"You Have To Do This" - In Memory of Tazeen Ahmad


Over the last couple of years, since coming out of psychiatric hospital, I’ve been blessed with support from many wonderful people.

One is my friend Tazeen, whom I knew already when I saw her across the room at 10 Downing Street, while I was on day release from the hospital.

It was the only time I’ve ever been invited to Downing Street – by a charity we both supported. I felt like I’d arrived on another planet, and meant to leave Tazeen to mingle with the famous and powerful people in the room, but she spotted me and came over to say hi.

It still amazes me that the official photographer captured that moment.

I told Tazeen I had come directly from a mental hospital, and she laughed – but not unkindly. She told me a bit about her own past struggles, and stuck with me for the rest of the evening, losing all chance to mingle with the other amazing guests.

We both laughed a lot, because it’s refreshing when you can talk honestly to somebody without fear of judgement.

On the way out, we took a selfie:

***

Over subsequent months, Tazeen frequently expressed astonishment that I lacked confidence in myself. I had amazing talent, she said – as a writer and speaker, but also as an artist.

I’d wanted to make art since I was a child, but until my breakdown I’d not put it out much.

I showed Tazeen many pictures I’d drawn as part of my recovery, and told her how much it helped to draw them. Click to enlarge:

She was encouraging, and I felt grateful, as I always do when people make kind comments. I believed the comments to be sincere, but mistaken – because I simply didn’t think much of myself (massive understatement).

Tazeen made it clear that she was not just saying it. She had many talents herself – and one was fierce encouragement.


You are so talented, she said.

***

Earlier this year, my friend was diagnosed with advanced cancer. This was devastating news for her many friends, the people she mentored and worked with – and of course infinitely worse for her family. Her sons were 14 and 12.

Over several months, knowing she hadn’t long to live, she pulled us all together: people from her work in TV, from her training in therapy and coaching, and the parents of her sons’ school friends.

In the summer, she asked us to gather in her garden and say in front of her what we planned to say at her memorial.
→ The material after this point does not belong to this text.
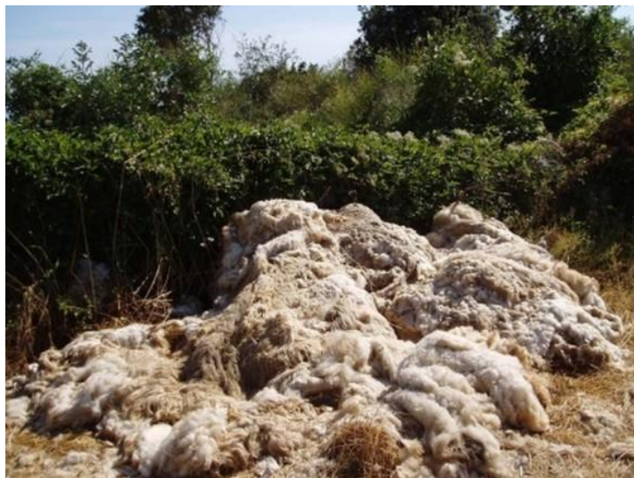
Slika 2: Odbačena vuna u prirodi

U Republici Hrvatskoj ima oko 650.000 ovaca. Godišnje dobijemo oko 1.000 tona ostrizene vune koja završava na deponijima. Nije rijetkost da uzgajivači vunu odbace u prirodu: na livade, pokraj šume, uz more, u odvodne kanale, bare ili pak zakopaju u zemlju. Time se zagađuju okoliš i narušava zdravlje ljudi. Pranje ovčje vune u kemikalijama koje s otpadnim vodama odlaze u tlo gdje zagađuju podzemne vode. U standardnom pranju vune potroši se oko 120 litara vode koja na kraju završi u tlu i šteti prirodi.

She called this her “premorial”.

It was an extraordinary day. I felt grateful all over again to have such a friend, and sorrier than ever that I was going to lose her.

Often when I visited Tazeen at home I found her very drowsy. But usually we talked for a while. One day, she said that I must sell my art, and put on an exhibition, before she died.

Then she asked me to make pictures of her with her sons, for them to remember her by. Gulp.

I did, and asked the friends I’d met at her premorial to help chip in to the cost of the printing and framing – so that the present was not just from me but from everyone.

Soon after that, I got my first commission – for an oil painting, a landscape a metre wide. I was so pleased to tell Tazeen I had sold a painting.

Not long after her 48th birthday, Tazeen was taken into hospital again (it had happened before several times).

Her brother stayed with her constantly, and friends visited frequently, including some who travelled thousands of miles to do so.

Living nearby, I was able to get in every day. And going home after, I tried to make sense of what I had seen, as my friend gradually faded away, by drawing pictures.

I sent a few to her brother to show her. He liked them, said she did too, and showed them to others. I had worried that this might invade the family’s privacy, but he reassured me it was welcome.

***

I was terribly sad when Tazeen died, but happy to have been with her in her last days.

She was born on a Wednesday and died on a Wednesday.

Wednesday’s child

Last week was her funeral. Afterwards, at her brother’s request, I took my tiny drawings to Kenwood House for the memorial, and put them up in a room alongside works by Sir Joshua Reynolds and Rembrandt.I hadn’t managed to put on an exhibition during Tazeen’s lifetime. But I managed it at her memorial.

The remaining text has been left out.